Chain of symbolic links

If the target of symbolic links is removed, the links to the target won’t work. One can avoid the effort of recreating the links after each update of the target by using a chain of symbolic links. We could have a setup like this:

> tree

.
├── dir1
│   ├── data_v1.csv
│   └── my_data.csv -> data_v1.csv
├── dir2
│   └── my_data.csv -> ../dir1/my_data.csv
└── dir3
    └── my_data.csv -> ../dir1/my_data.csv

Here, the actual data (data_v1.csv) is in dir1 and the file my_data.csv is a symbolic link to that. In the directories dir2 and dir3 we have a file my_data.csv that points to ../dir1/my_data.csv and thus to the file data_v1.csv.

Now, an updated data file data_v2.csv is obtained. One can start using this everywhere by removing the file dir1/my_data.csv (with the command rm dir1/my_data.csv) and recreating it as a symbolic link to data_v2.csv; the symbolic links in dir2 and dir3 then link to data_v2.csv as well:

> tree

.
├── dir1
│   ├── data_v1.csv
│   ├── data_v2.csv
│   └── my_data.csv -> data_v2.csv
├── dir2
│   └── my_data.csv -> ../dir1/my_data.csv
└── dir3
    └── my_data.csv -> ../dir1/my_data.csv

Exercise: Commands ‘mv’, ‘cp’ and ‘wc’

The commands mv and cp are typically used in the form cp file1 file2 and mv file1 file2, though both accept arguments. Of these, cp -r dir1 dir2 may be the most commonly used and make the command recursive, i.e. making copies of all files and subdirectories in directory dir1 to directory dir2.
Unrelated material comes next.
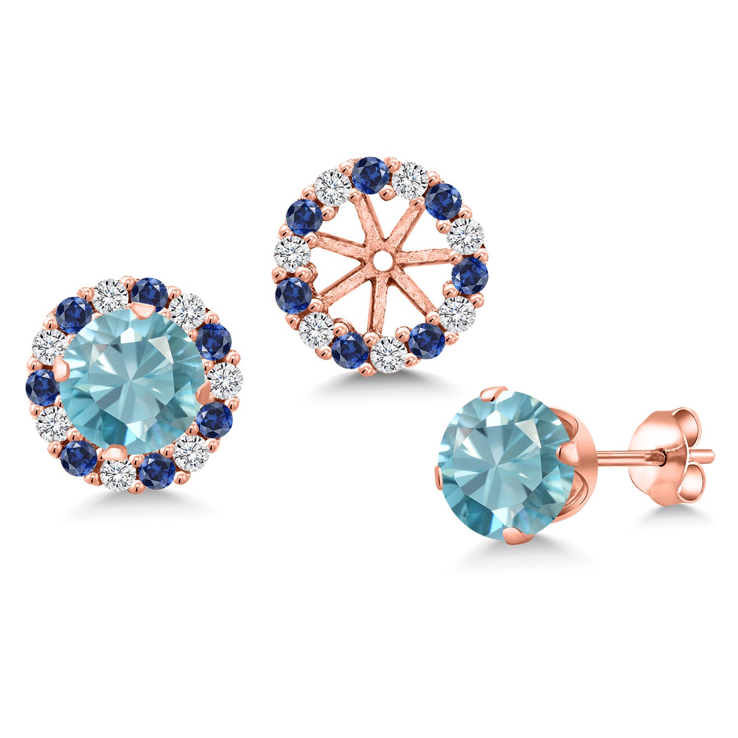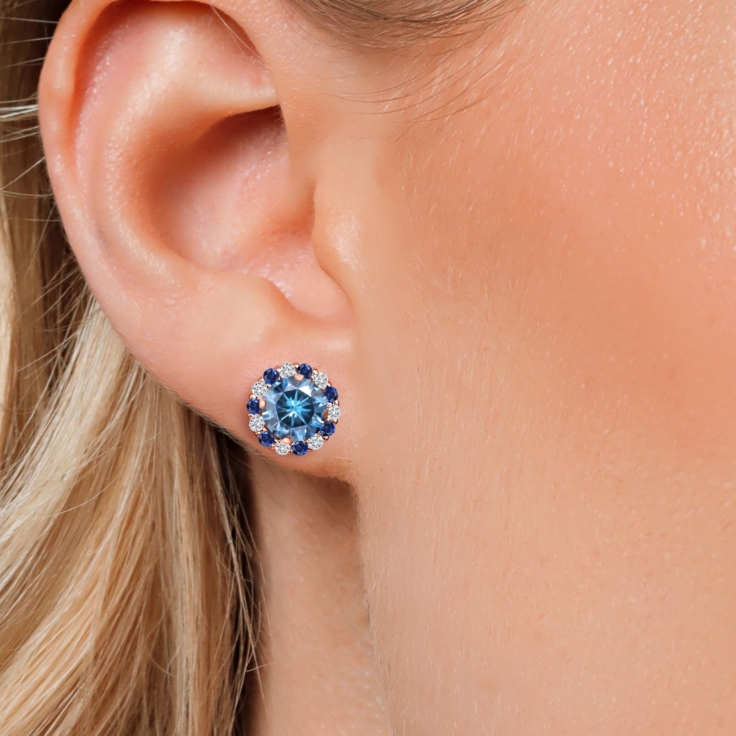 REFINED DIMENSIONS WITH A STATEMENT LOOK: The 6MM gemstone, combined with a 1.3MM zirconia halo, creates a refined yet bold appearance. The jackets add an extra layer of dimension, enhancing the overall design while ensuring lightweight wear. These earrings promise to complement your style, whether you're looking for a subtle touch of elegance or a standout accessory.

The word count is probably familiar from Microsoft Word, but the command wc is also useful in exploratory analyses to understand the size and dimensions of the data files.

Exercise 2 in Moodle.

Take-home message

On computer systems, the hierarchically arranged directories are the “address system” for the data files. The “files” we see in the directories are “labels” or “pointers” to the actual data in the storage device; because of that, they can be easily changed or moved around without any effect on the (possibly very large) data. Copying of files from one place to another is computationally different from (and possibly more time-consuming than) moving of files (or their “labels”) in the directory hierarchy. When working with very large data files or with data files that may change and the updates need to be applied on every copy, it is useful to use symbolic links.